MM is a bone marrow-based plasma cell neoplasm characterized by a serum monoclonal protein and skeletal destruction. Common symptoms include osteolytic lesions, pathological fractures, bone pain, hypercalcemia, and anemia. The exact underlying cause of multiple myeloma is currently unknown.
Linvoseltamab is the first fully human BCMAxCD3 bispecific antibody approved by the FDA. The therapy is designed to bridge B-cell maturation antigen on MM cells with CD3-expressing T-cells to facilitate T-cell activation and cancer-cell killing.
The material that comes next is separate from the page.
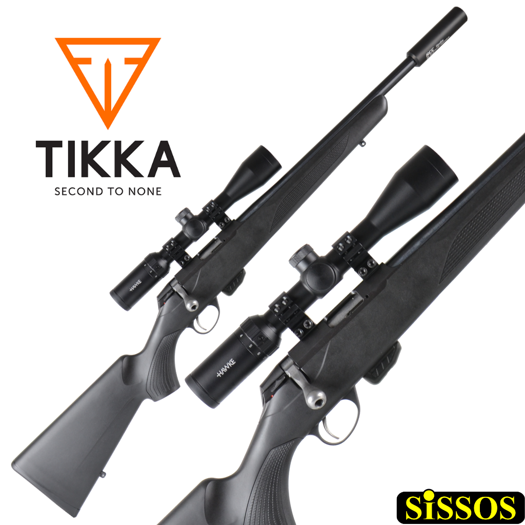 Tikka T1x paketti sisältää itse pienoiskiväärin, Hawke Vantage 3-9x40 kiikaritähtäimen MilDot ristikolla, UTG alumiinijalat sekä kompaktin RCC äänenvaimentajan. Huom! Kuvasta poiketen ase toimitetaan UTG kiikarinjaloilla.
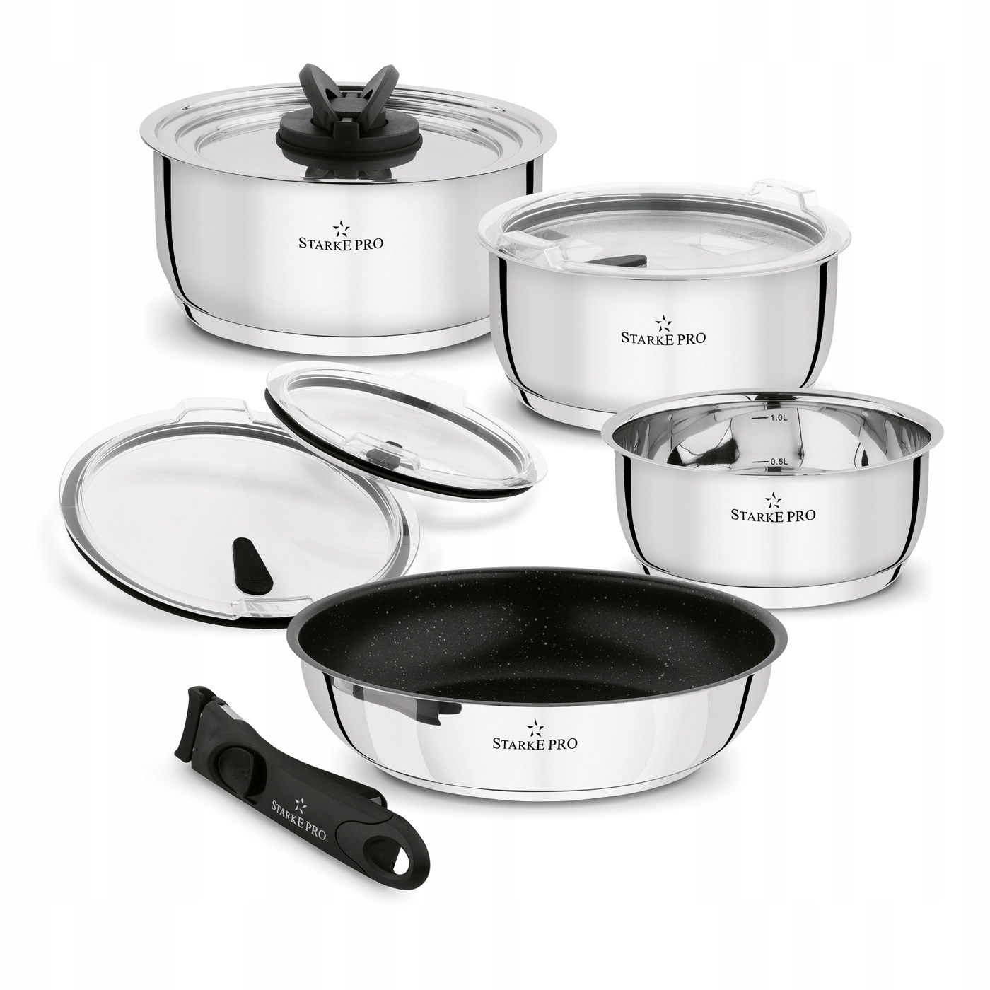 Komplet garnków z patelnią non-stick Starke Pro Solve 9 elementów wykonany jest ze stali nierdzewnej 18/10. Dzięki temu jest świetnie wyważony i poręczny. Energooszczędność daje tu specjalna budowa dna. To dzięki niemu możesz używać prezentowanych garnków i patelni na każdej kuchence. Przenoszenie i użytkowanie zestawu zapewnia rączka, która wolno się nagrzewa i pewnie leży w dłoni. Jest ona uniwersalna i odpinana, a więc pasuje do każdej średnicy garnka i patelni z powłoką non-stick Solve. Z jej pomocą o wiele łatwiej zmieścisz naczynia w kuchennej szafce lub szufladzie. Z tym kompletem bez problemu stworzysz też swój własny zestaw naczyń kuchennych do domowego użytku i dla całej rodziny. W zestawie znajdziesz również uniwersalną pokrywę do każdego z garnków i 3 pokrywki z tworzywa sztucznego służące zabezpieczeniu zawartości podczas przechowywania i stabilnemu ustawieniu garnków jeden na drugim. Na dodatek powłoka nieprzywierająca, którą pokryta jest wewnątrz patelnia, umożliwi ci smażenie na niewielkiej ilości tłuszczu oraz bezproblemową pielęgnację. Zniesie przy tym też aż do 8 000 cykli ścierania (4 razy więcej niż zwykłe naczynia non-stick dostępne na rynku). Jej wysoka jakość, twardość oraz struktura zostały opracowane z myślą o wieloletnim gotowaniu i smażeniu. To jedna z najlepszych opcji w tej kategorii – zdejmując uchwyt, możesz myć prezentowane garnki w zmywarce!

The accelerated approval follows results from the LINKER-MMA clinical trial, an ongoing, open-label, multicenter, dose-escalation, phase 1/2 study of linvoseltamab in patients with R/R MM. A total of 80 patients experienced a 70% objective response rate, with 45% achieving a complete response or better with linvoseltamab. A 0.95 month media time to first response was observed, however a median duration of response was not reached but estimated to be 89% at 9 months and 72% at 12 months.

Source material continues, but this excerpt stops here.